A case from my region of the world, in the small island developing state of the Kingdom of Tonga, contextualises the concept. Inhabiting a far-flung South Pacific archipelago, facing frequent tropical cyclones and sea surges, and with a building supply market characterised by high costs and unreliable quality, the Tongan people have much to teach the world about resilience and human potential.

In 2016, facilitated by Jenny Salesa, a New Zealand Parliamentarian of Tongan descent, Habitat for Humanity established partnerships with the Deputy Prime Minister of Tonga, and with in-country development agency Caritas Tonga.

We have now collectively designed and piloted a new approach to housing development in the Kingdom. For their part, the Tongan Government has supported its Development Bank to make small loans with favourable conditions available to low-income Tongan families in disaster prone areas.

We drew on existing relationships with volunteer builders and with market suppliers to purchase quality, affordable building components in New Zealand, nearly halving the cost of the loan needed by participating Tongan households.

The solution increases disaster resilience, and is affordable, sustainable, and targeted at the poor. Its governance is collaborative across government and non-government. Its operation bridges countries, includes the private sector and volunteers, and recognises households as partners and participants.

As we all play our part in the New Urban agenda, we must build new competencies; to create people, private, public, partnerships bridging the whole housing ecosystem, to sustain community participation and ownership, and to form unexpected and game-changing alliances.

It is only through this new era of competent collaboration, that we stand any chance of addressing the challenges staring down the twenty-first century and to achieve integration in our policy frameworks, and inclusion in our outcomes.

Habitat for Humanity, currently entering its fifth decade and working in 70 countries around the world, has borne witness hundreds of thousands of times as households increased their dignity and prospects, through access to adequate and affordable housing. Cities and nations are powered by the energies of human development and endeavour only possible with decent shelter.

We now turn to progressing, monitoring, reporting on, and meeting our outcomes commitments. We look forward to effective, accountable implementation of the New Urban Agenda.

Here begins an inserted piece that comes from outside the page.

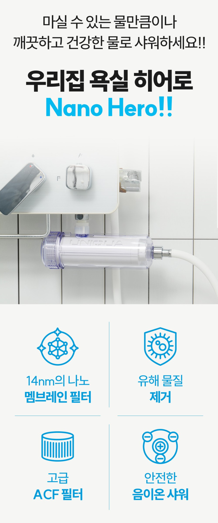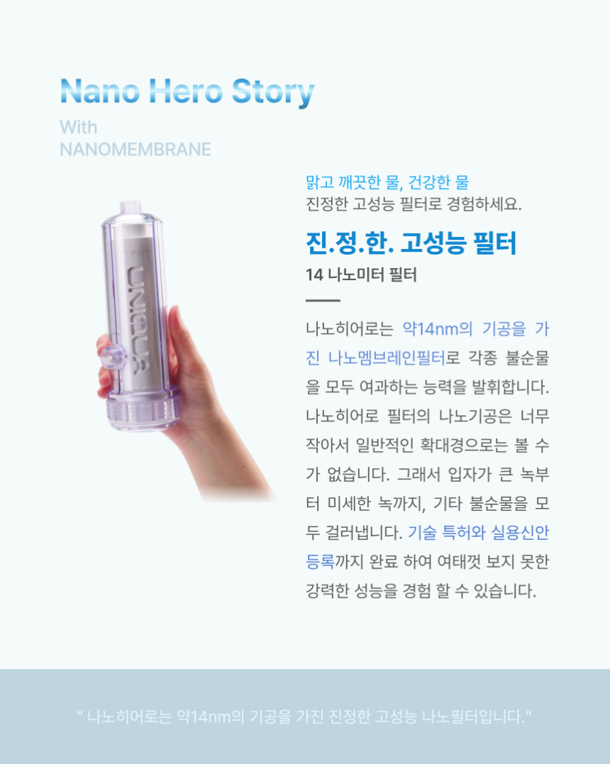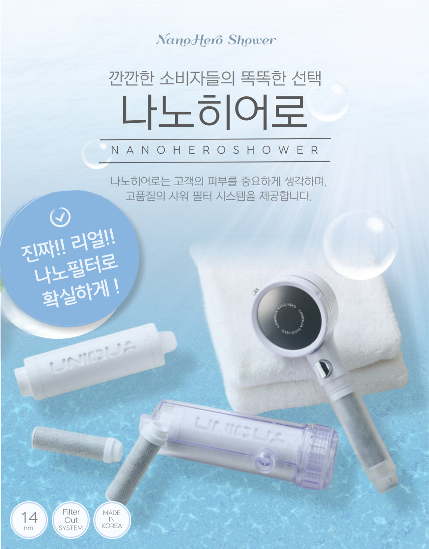 나노 히어로 샤워기는 14nm기공의 나노멤브레인필터로 미세여과를

And we seek to partner with governments, Civil Society Organisations, markets, and households, to build a new urbanised world, with people at the centre, where everyone has a decent place to live.

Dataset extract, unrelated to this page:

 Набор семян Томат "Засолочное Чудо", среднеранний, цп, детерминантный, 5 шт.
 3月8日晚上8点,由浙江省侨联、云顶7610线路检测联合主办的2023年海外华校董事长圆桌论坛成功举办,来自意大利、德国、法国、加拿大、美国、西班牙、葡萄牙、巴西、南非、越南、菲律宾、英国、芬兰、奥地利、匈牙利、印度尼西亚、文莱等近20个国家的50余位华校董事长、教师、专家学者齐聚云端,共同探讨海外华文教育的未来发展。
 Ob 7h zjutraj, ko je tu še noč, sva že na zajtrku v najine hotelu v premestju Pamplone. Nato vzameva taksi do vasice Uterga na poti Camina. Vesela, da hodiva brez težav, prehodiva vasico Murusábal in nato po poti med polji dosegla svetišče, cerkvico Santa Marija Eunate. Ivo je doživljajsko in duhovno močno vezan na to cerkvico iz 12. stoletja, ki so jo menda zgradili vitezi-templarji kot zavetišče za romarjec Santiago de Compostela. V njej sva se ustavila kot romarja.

He aha te mea nui o te ao? He tangata, he tangata, he tangata.

For what is the most important thing in the world? It is people, it is people, it is people.

Thank you.

-Ends-

 

Who is UN-Habitat?

United Nations Human Settlements Programme (UN-Habitat) is an organ of the United Nations responsible for socially and environmentally sustainable towns and cities.  Habitat for Humanity International has a formal relationship with UN-Habitat, working to increase access to land and security of tenure, as well as providing adequate housing and basic services in densely urbanized environments.  The two organisations also work closely together in disaster response and risk reduction.

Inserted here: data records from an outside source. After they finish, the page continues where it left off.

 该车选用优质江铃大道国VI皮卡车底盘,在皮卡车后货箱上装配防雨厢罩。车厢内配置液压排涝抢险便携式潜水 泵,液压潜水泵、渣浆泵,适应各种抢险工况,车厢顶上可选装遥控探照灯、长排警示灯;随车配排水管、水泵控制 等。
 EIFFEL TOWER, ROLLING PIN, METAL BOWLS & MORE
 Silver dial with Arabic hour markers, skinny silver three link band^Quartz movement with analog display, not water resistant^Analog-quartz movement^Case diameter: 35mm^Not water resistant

Learn more about UN-Habitat here: https://unhabitat.org

What is the New Urban Agenda?

The New Urban Agenda is an urbanization action blueprint for UN-Habitat as well as governments, the UN, civil society, communities, the private sector, professionals, the scientific and academic community, supporting the 2030 Agenda on Sustainable Development.  In particular it relates to SDG 11 – making cities inclusive, safe, resilient and sustainable.